EFFECT OF FEEDING FATS ON MEAT COMPOSITION AND QAULITY
Edible beef products generally have relatively high levels of saturated fatty acids and trans fat (“bad”) and low levels of polyunsaturated fatty acids (“good”). Cattle convert unsaturated fats in the rumen to intermediate and saturated forms, and the level of each can vary. This ultimately leads to differences in fatty acid composition of body fats, which can affect meat quality. Among other effects, more unsaturated fat can be associated with higher oxidation and more off flavor and odor. University of Georgia and Clemson University researchers wanted to know how feeding some fats might be involved in this process. They divided 36 Angus X Hereford heifers fed high-concentrate rations into groups of control (CON), 4% corn oil supplement (OIL), and 2% partially rumen-protected conjugated linoleic acid supplement (CLA).
At a statistical significance level of P<.05 for all of the following fat and taste-panel results, there was no difference among the three groups, in either ground beef or ribeye steaks, in fat oxidation, saturated fat levels, or unsaturated fat levels. There were some differences in levels of trans fat, with CON tending to be lower and CLA higher.
In ground beef, CLA had lower taste-panel juiciness ratings, CON was more tender than CLA (with OIL intermediate), CON was higher in off flavor, and there were no differences in beef flavor. In steaks, CON was juicier than OIL (with CLA intermediate) and there were no differences in off flavor.
Though several statistically significant differences were found, mostly in favor of CON, the differences were relatively small and the authors concluded that dietary fat supplementation resulted in small changes in shelf life and taste-panel factors. (J. Animal Sci. 85:1504)
IS SIZE STILL INCREASING IN ALL BREEDS?
First, what is “size”? The best measure of size or body mass is weight, not height or some other dimension. Weight is what is involved in nutritional requirements, and also what is sold. So, it’s how big, not how tall. Somewhere in the 1960s, our established breeds started selecting for bigger cattle. Most of the Continental European breeds imported starting in the late 60s were bigger than established breeds. And selection for increased size has generally continued, in varying degrees. Let’s look at what has happened in two of our most numerous breeds, a British and a Continental.
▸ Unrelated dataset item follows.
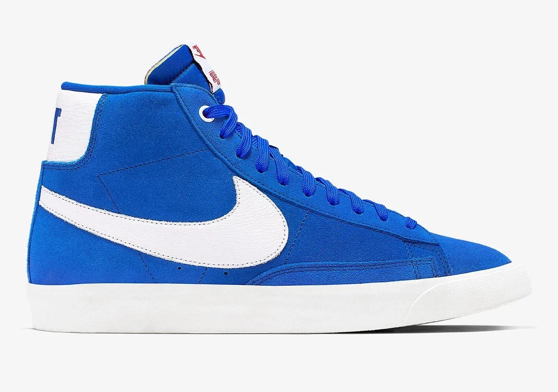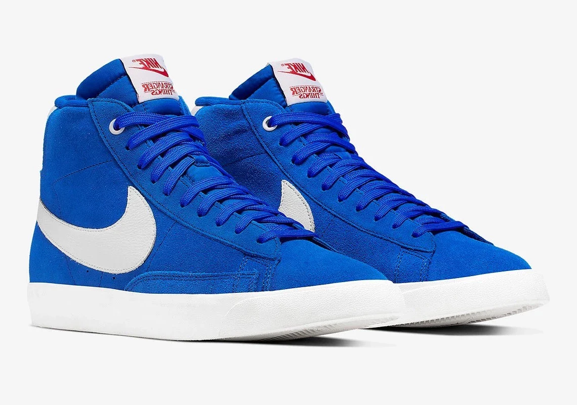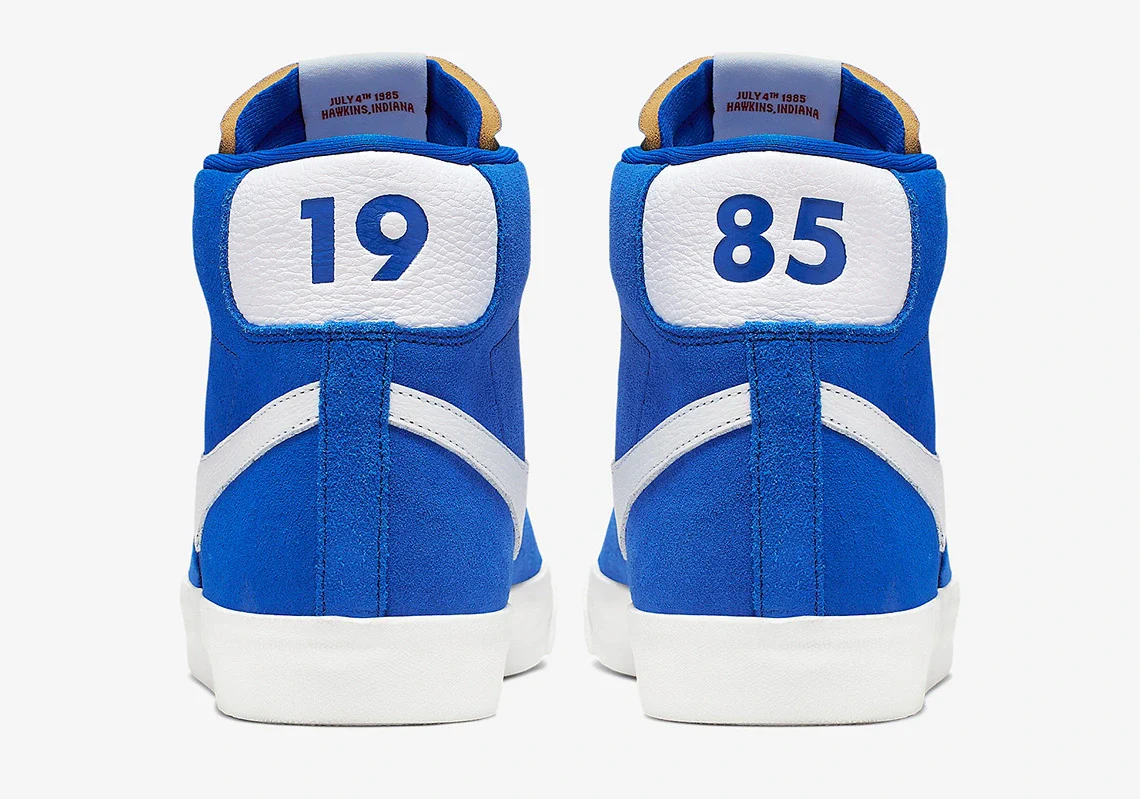 Stranger Things x Nike Blazer « OG Pack » en bleu fait partie de la collection de Nike célébrant la saison 3 de la série de science-fiction à succès. Ce Blazer fait partie du « OG Pack », dont les couleurs sont similaires à celles des versions originales du Blazer, de Cortez et de Tailwind 79 de la collection. Il est doté d’une tige en daim bleu, de Swooshes en cuir blanc et de panneaux aux chevilles, ces derniers étant estampillés « 19 » et « 85 » sur les talons opposés pour représenter l’année où se déroule la saison 3 de Stranger Things.

Since 1980, genetic trend in Angus has increased 38 lb for Weaning EPD and 71 lb for Yearling EPD, with a steady increase for both. (Over the same period, averaged for bulls and heifers, actual reported weaning weight has gone up over 125 lb and yearling weight almost 200 lb.) Change has been slower in most Continentals but, since 1980, Simmental EPD has increased 11 lb for weaning, essentially stabilizing since about 1990, and 24 lb for yearling. (The U. S. Meat Animal Research Center says most of our most numerous breeds currently weigh about the same.) Similar trends can be seen in all of the more numerous breeds.
However, I recently ran across data for a less numerous breed, Red Poll. Since 1980, EPD for weaning has increased only 4 lb and yearling only 5 lb, and cattle of this breed were relatively small to begin with. There are probably some other lesser know breeds with similar trends. Is this good or bad? It depends, on what sort of genetics you want. But it does seem there is still plenty of genetic variation to choose from among breeds, as well as within breeds, so you should be able to find whatever is needed or wanted. (Genetic evaluation data from American Angus Association, American Simmental Association, and American Red Poll Association.)